Not very exact, but sort of does the job... and --mute XXXX could be included in the 3rd line, if condition, probably by, adding say || doc->muted.list, or something... not tested yet... making mute conform... that is show the extra info...

Reading the API docs on mute... it seems clear... it has the words prevent Tidy from **displaying** certain types of report output... my emphasis on show...

It says nothing about also preventing Tidy bumping doc warnings... that is the exit code... and thinking about it more, why should it... the exit code is the true state, and must be kept/maintained, IMO...

While it seems/is ok to suppress console message output... we all want that!...

I implemented --show-info no, just because, in repeated testing, I wanted less console output... at least of a particular type/category... mute was a great, and extension of that, offering fine control over output... i.e. what is shown...

But never changing the exit code policy - see implement libTidy - paraphrased, 0, all is well, no doc change, good doc, 1, oops, found warnings, some of which hope are fixed in the output, 2, errors, that can not be fixed... and of course some negative exits, like could not find the file...

Also libTidy supports an API to be called back before each output, see say tidySetReportCallback, and you can filter the output, but that too does not influence the exit code...

See the code order of messageOut... note the switch ( message->level ), which sets these doc values, before any of the many go filters... which can then inhibit output...

All in all, it seems it is not ok to change the exit code... tidy made a doc change... it must reflect that... at least in exit, if not visually to the console, if requested not to... by many things...

The question becomes, should tidy break that existing policy?

If yes, give the use case... and for all, or some... be specific, as best you can...

This does not seem like one of them... at least at the moment... and maybe should be a new separate issue anyway...

@yaccz, as suggested earlier, you could add --drop-empty-element no to your config, and this whole issue becomes mute... ;=))

The default tidy behavior does not suit everybody... so we have configs, to suit the current use...

We should support the extra message, ie STRING_NOT_ALL_SHOWN, for mute, like the others, and will work towards this, conformity...

Appreciate further comments, feedback, patches, even tested PR, to implement, at least this step... thanks...

geoffmcl commented 5 years ago

@yaccz - Testing patch to add not all shown, making --mute XXXX conform to say the --show-warning no option...

diff --git a/src/message.c b/src/message.c
index 0900407..198ca2e 100644
--- a/src/message.c
+++ b/src/message.c
@@ -1291,12 +1291,19 @@ void TY_(ReportMarkupVersion)( TidyDocImpl* doc )

 /* Reports the number of warnings and errors found in the document. 
 ** Called by tidyRunDiagnostics(), from console.
+** 
+** If there are 'warnings' or 'errors', then add 'not all shown'
+** msg, if the are any options that 'limit' message output.

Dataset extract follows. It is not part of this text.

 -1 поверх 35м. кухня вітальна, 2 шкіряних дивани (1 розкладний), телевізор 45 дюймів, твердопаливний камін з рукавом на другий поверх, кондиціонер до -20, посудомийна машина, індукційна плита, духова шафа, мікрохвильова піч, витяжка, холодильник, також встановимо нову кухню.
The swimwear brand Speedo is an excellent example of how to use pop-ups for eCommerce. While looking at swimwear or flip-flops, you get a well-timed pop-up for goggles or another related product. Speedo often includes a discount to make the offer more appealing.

Not 
+** intended to be accurate or exact, just an indication that
+** some message(s) **may** have been suppressed, for some reason.
 */
 void TY_(ReportNumWarnings)( TidyDocImpl* doc )
 {
     if ( doc->warnings > 0 || doc->errors > 0 )
     {
-        if ( doc->errors > cfg(doc, TidyShowErrors) || !cfgBool(doc, TidyShowWarnings) )
+        if ( doc->errors > cfg(doc, TidyShowErrors) || !cfgBool(doc, TidyShowWarnings) ||
+             doc->muted.list) /* Is. #794 - add '--mute XXXX' option 
+                                 to other options which limit messages */
         {
             TY_(Dialogue)( doc, STRING_NOT_ALL_SHOWN );
         }

Seems to work...

Appreciate if others could test, confirm this fixes the conformity bug... thanks...

geoffmcl commented 5 years ago

To make it easy for testing, have pushed this patch to the issue-794 branch... and the test cases to my tidy-test repo ...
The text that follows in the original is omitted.